Так вот, сын, смотри, какая петрушка получается в оконцовке. Если бы убило меня в том бою под Лохвицей у пулемёта с кровавой надписью «Русские не сдаются!», убило бы за пару мгновений до появления фрица со шмайсером, кем бы я считался? Героем, верно! Но не убило, и минутой позже стал я предателем и изменником, нарушившим присягу. Этим самым говнюком я бы и остался навечно, если бы окочурился в лагере для военнопленных под Житомиром. Но не окочурился, спасся чудом, к партизанам попал. И вновь я герой, ещё и с медалью! Но это если бы я второй раз не поднял рук, если б погиб в том зимнем лесу. Надо было взорвать себя, или пулю в висок, тогда бы – герой. А раз снова в плену оказался – всё, предатель и изменник, теперь уже дважды…

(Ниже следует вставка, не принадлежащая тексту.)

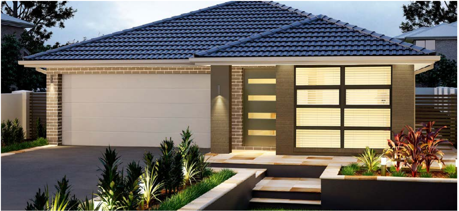
ARTIST IMPRESSION ONLY. DUNE FAÇADE AS ILLUSTRATED.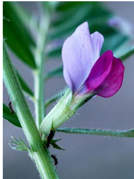
Vicia sativa ssp. sativa Spring Vetch Introduced Annual Fabaceae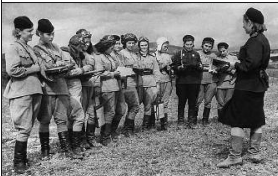
1941: Soviet female pilots helped defeat the Nazis

JOIN THE INTERNATIONAL COMMUNIST WORKERS' PARTY (ICWP) WWW.ICWPREDFLAG.ORG — (310) 487-7674 E-MAIL: ICWP@ANONYMOUSSPEECH.COM WRITE TO: P.M.B. 362 3175 S. HOOVER ST., LOS ANGELES, CA 90007, USA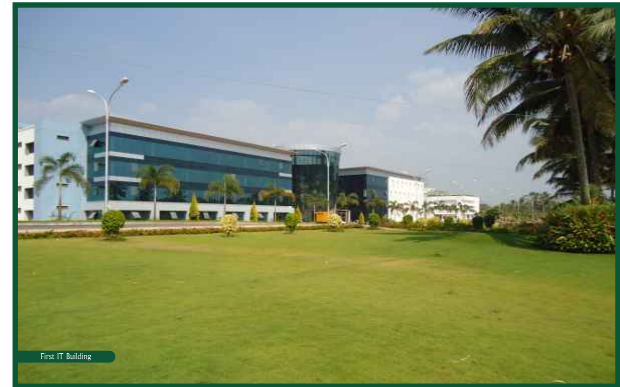
First IT Building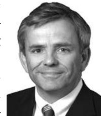
Sen. Steve Lathrop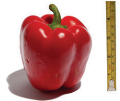
Bell Pepper: 1 cup chopped or 1 large pepper (about 3 inches in diameter)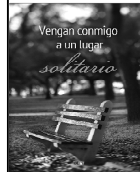
Vengan conmigo a un lugar solitario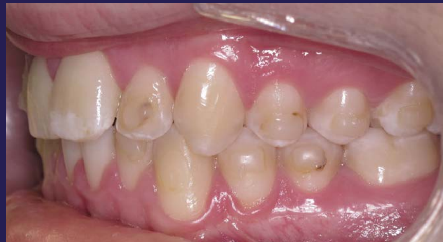
Decay, decalcification, and staining around and underneath attachments as a result of poor oral hygiene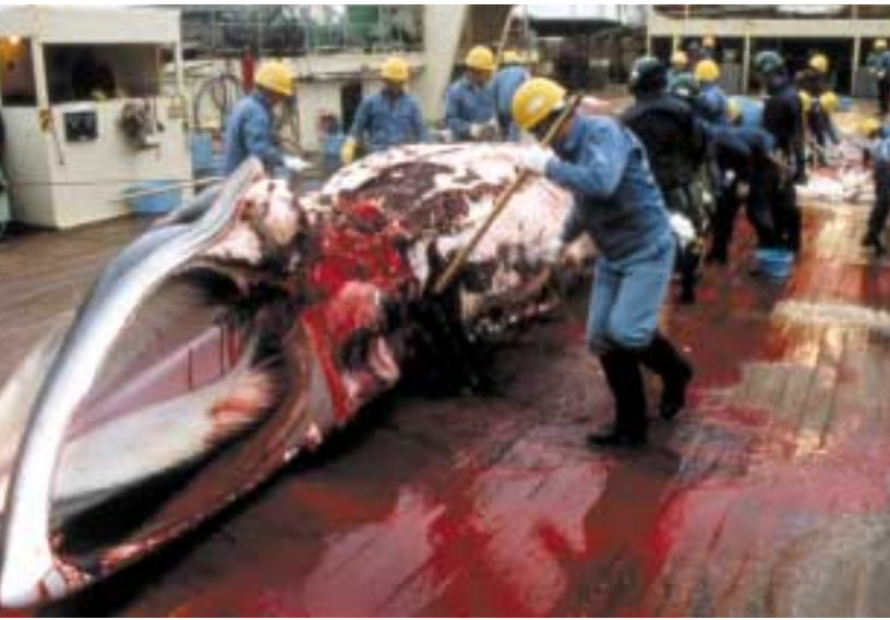
Figure 15. Minke whale being flensed on board factory ship.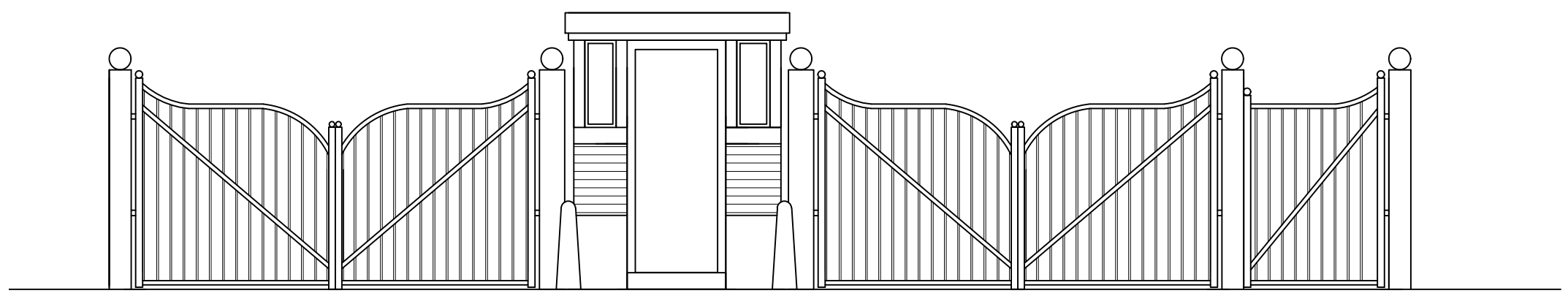
Proposed East Elevation – Gate House Kiosk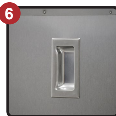
Stainless Steel Construction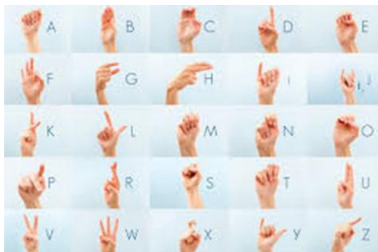
Fig. 1 Sign Language of Alphabets

Various images of hand gestures are collected as folders. Fig. 1 shows the gestures of alphabets.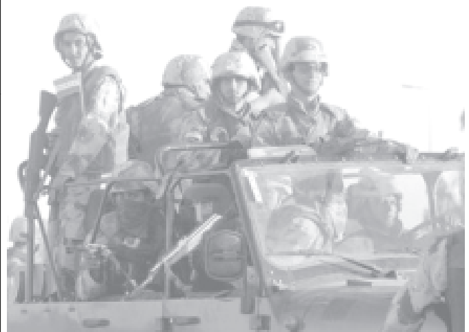
Iraqi National Guard soldiers head out on an evening patrol from Camp Victory near Baghdad, on Thursday, 1 July, 2004.

The latest death brought to at least 633 the number of US troops who have been killed since the start of last year's invasion to oust Saddam Hussein.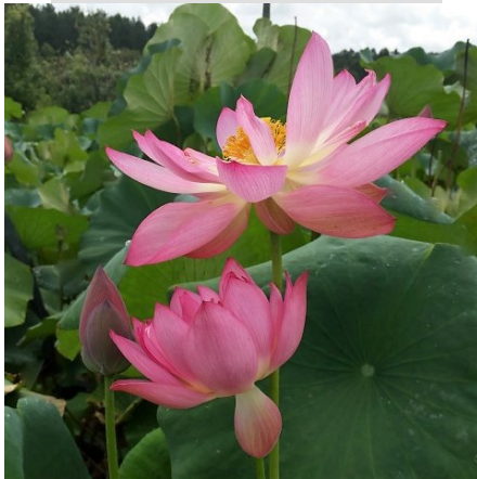
'Meizhong Hong' Lotus, (photo courtesy of Ten Mile Creek Nursery)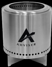
Stainless Steel Fire Pit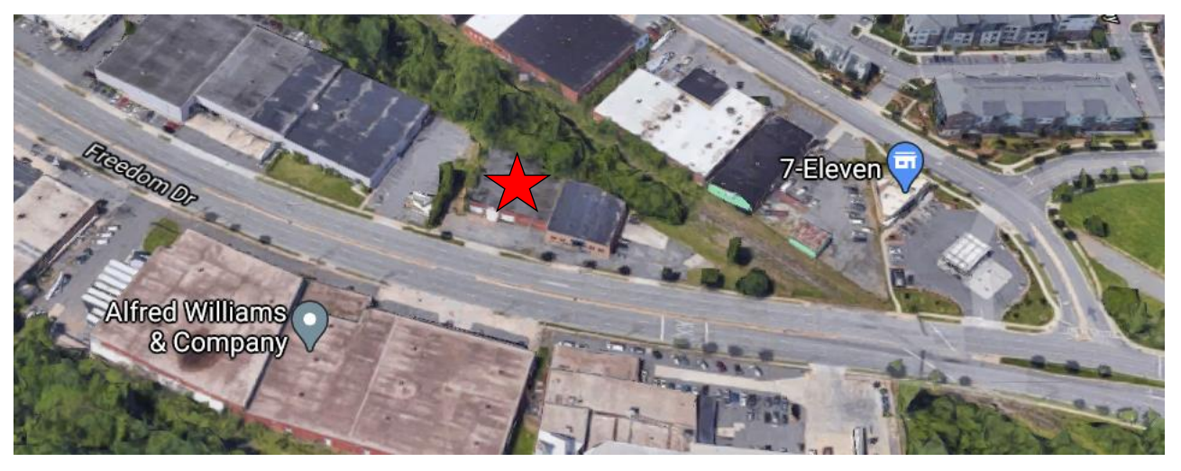
The site, marked with a red star, is developed with a vacant warehouse.

The site is developed with a warehouse. Adjacent properties along Freedom Drive are developed with warehouses and occupied by industrial and commercial businesses. Some similar warehouses on Thrift Road have been renovated to accommodate office and commercial uses.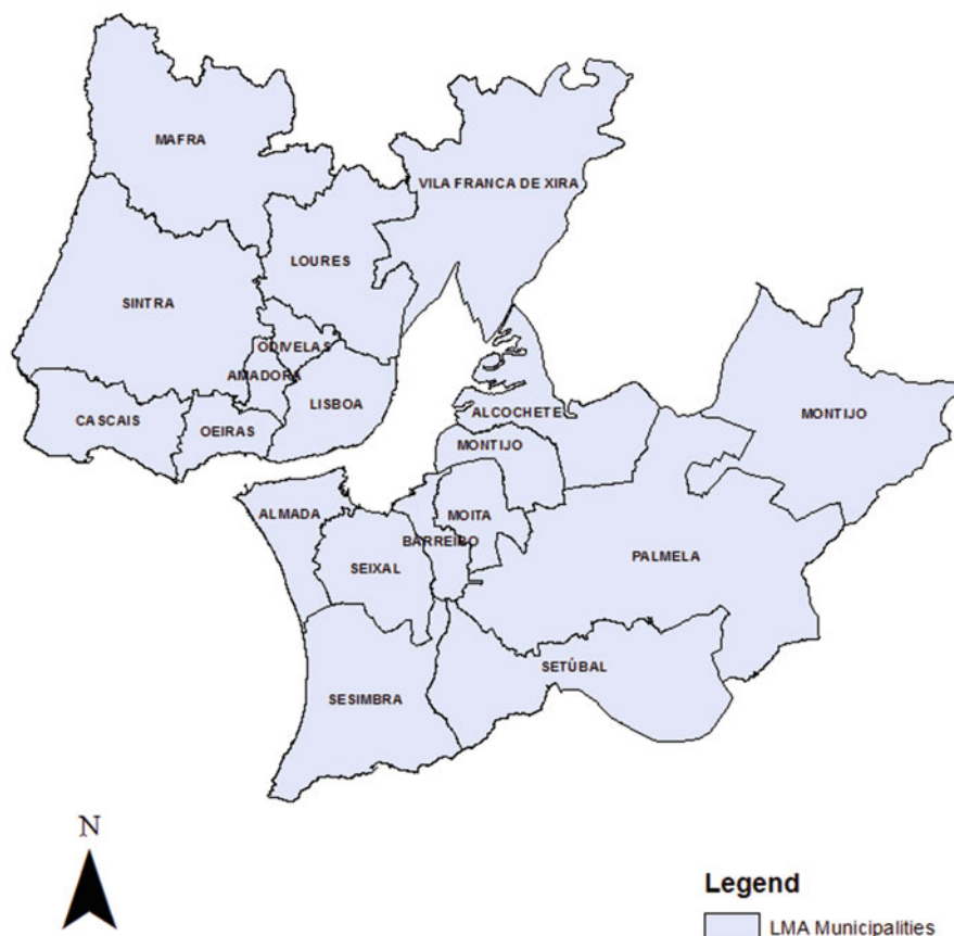
Fig. 7.1 Lisbon Metropolitan Area (LMA)

the 1960', with flows coming essentially from rural areas, the immigration dynamic of the 1970s and the 1980s is mainly related to the population of the ex-Portuguese colonies, which occupied the first peripheral crown of Lisbon. According to a recent characterisation of LMA with planning purposes (Regional Coordination Commission of Lisbon and Tagus Valley [CCDR]), this is a polarised territorial entity with an influence that exceeds its administrative borders, explained by, and among other factors, the improvement of transport infrastructures (CCDR 2009: 33). LMA is the location of multinational enterprises and several industrial activities, especially in the South bank of Tagus River. It is the most competitive economic center of the country (38.6% of National GDP) (CML 2012) with global integration and a strong presence in international markets. This is also a territory with problems like the lack of land use planning, urban and landscape disqualification, mobility, environmental risks, social exclusion and inequality (Figs. 7.2 and 7.3).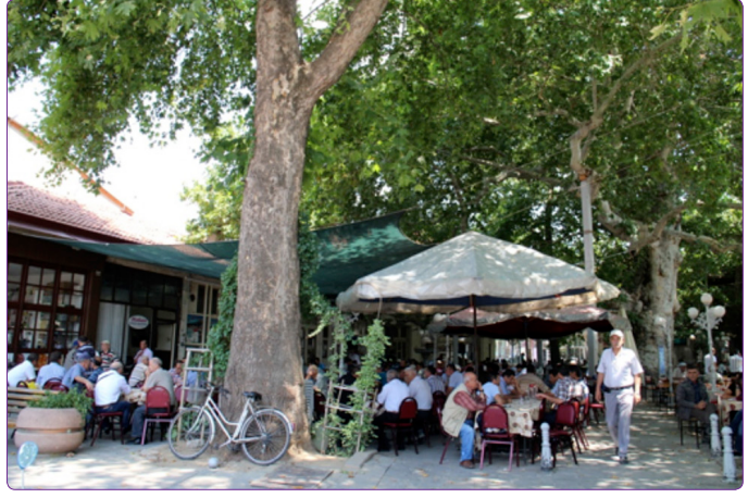
Figure 8. Çınaraltı Square.

Rearrangements of Squares: The floor coverings of Çınaraltı Square -where 800 years old plane tree is standing-, facades of coffeehouses and shops facing the square and its urban furniture were renovated (Figure 8). Moreover, It was decided that the area in front of the municipality would be designed as a square which would introduce the town and give information to the visitors. This square, called "Narrating Square", was selected by a board of academicians, Chamber of Architects of Antalya and the Foundation for the Protection and Promotion of the Environment and Cultural Heritage among projects participated in a National Design Competition. Today, this square has been newly built according to the selected project (Figure 9). It is the starting point of Yalvaç cultural route which has been formed in time. Besides, smaller squares in tradition-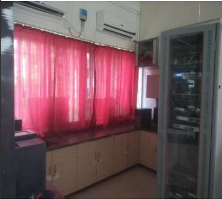
Computer Center Lab & Server Room Layout: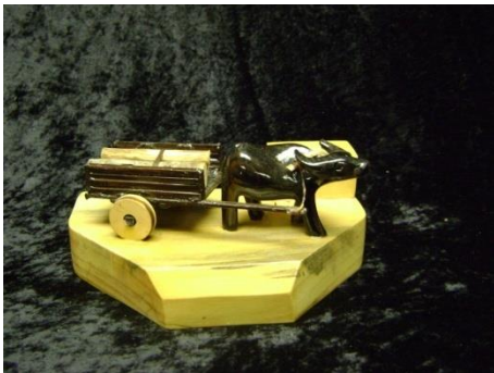
CARABAO ANIMAL (PHILLIPINES) 4420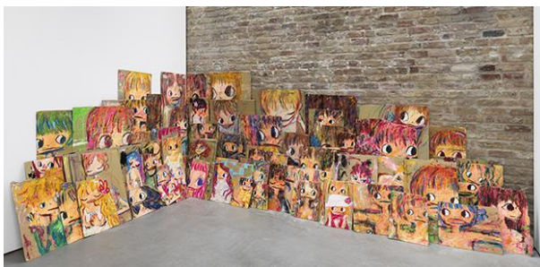
Untitled, 2001-06.

In 2011 Rokkaku moved from Japan to Berlin where she started to use pencil and crayons and also employed more childlike lines in her compositions with the aim of maintaining both a child's gaze and the world of childhood. Interested in Abstract Expressionism and artists such as Jackson Pollock and Cy Twombly, whose work she had encountered years before in New York, she now placed more importance on abstract backgrounds in her paintings, in addition to figures or motifs applied to them. Playing with several layers, Rokkaku started adding colours and shapes in front of and behind a principal figure. Multicolored clouds now start to appear in these backgrounds, one of the natural elements most present in the work of this artist, who is attracted to their changing shapes.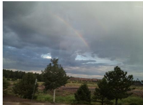
A little Rainbow by Route 66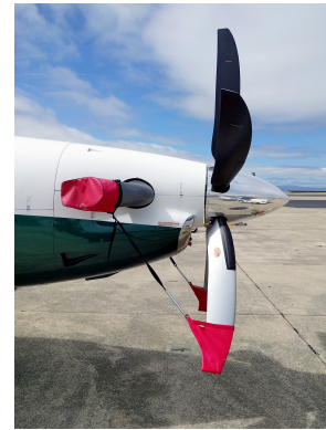
Pilatus PC-12 Prop Tie-Down/Exhaust Cover Set, 5 Blade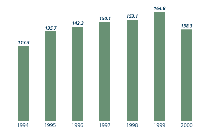
figure 4 Closed-End Fund Assets, 1994–2000 (billions)

source: Investment Company Institute Annual Closed-End Fund Survey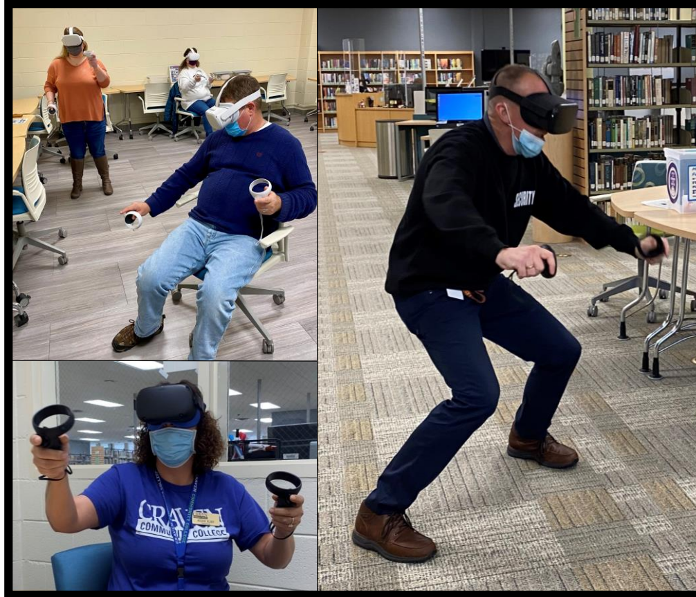
Faculty & Staff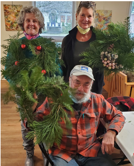
FUN Committee's December wreath making event.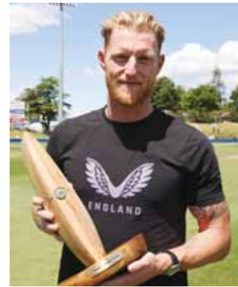
England's Ben Stokes holds the series trophy at Seddon Park in Hamilton yesterday.

Monday but he did take two wickets in his final innings to finish his career with 391, the second highest for a New Zealander behind Richard Hadlee. "We're certainly leaving one of the greats behind, but I'm sure he's got a bright future ahead of him, whatever that may be," added Latham, who was front and centre as Southee was honoured by Hadlee after the match.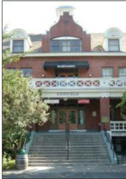
McMenamins Edgefield Hotel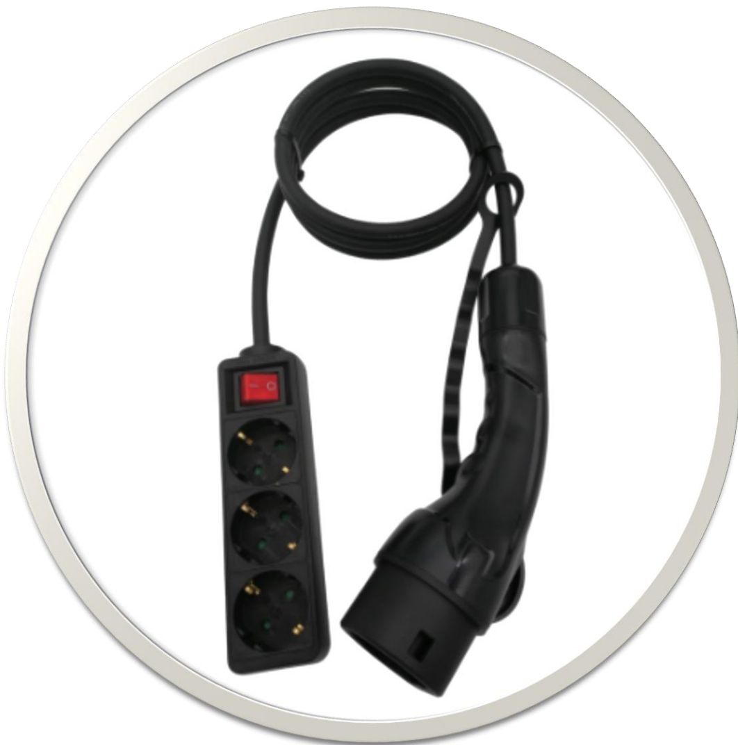
HLK-618 URL Download

Я порой размышляю. Что, если бы кто-то из наших общепризнанных героев, отдавших за Родину жизнь (тех, кто, к примеру, грудью на амбразуру лёг, либо таран в воздушном бою совершил), не погиб, а каким-то чудом выжил бы. Этот человек – что на веки вечные превратился бы в эдакого мифического рыцаря «без страху и упрёку» – он был бы навсегда застрахован от любых случайностей и ошибок? Он уже никогда в жизни ни разу не оступился бы, не накосячил? А ежели совершил бы он какой-нибудь не шибко красивый поступок, тогда что? Все его предыдущие подвиги были бы навсегда перечёркнуты?
Понимаешь, кто-то ушёл из жизни в удачное время, угадал, скажем так, умереть в идеальный момент и остался героем на все времена. Кому-то с моментом смерти не повезло, но сложись обстоятельства иначе – может, и о тех невезучих вспоминали бы сейчас добрым словом… Про генерала Власова слыхал? Предатель. Попал к фрицам в плен летом 42-го. Организовал целую армию из таких же предателей, чтобы воевать на стороне Гитлера.
– Слыхал краем уха. Похоже, ему сдача в плен уж точно на пользу не пошла.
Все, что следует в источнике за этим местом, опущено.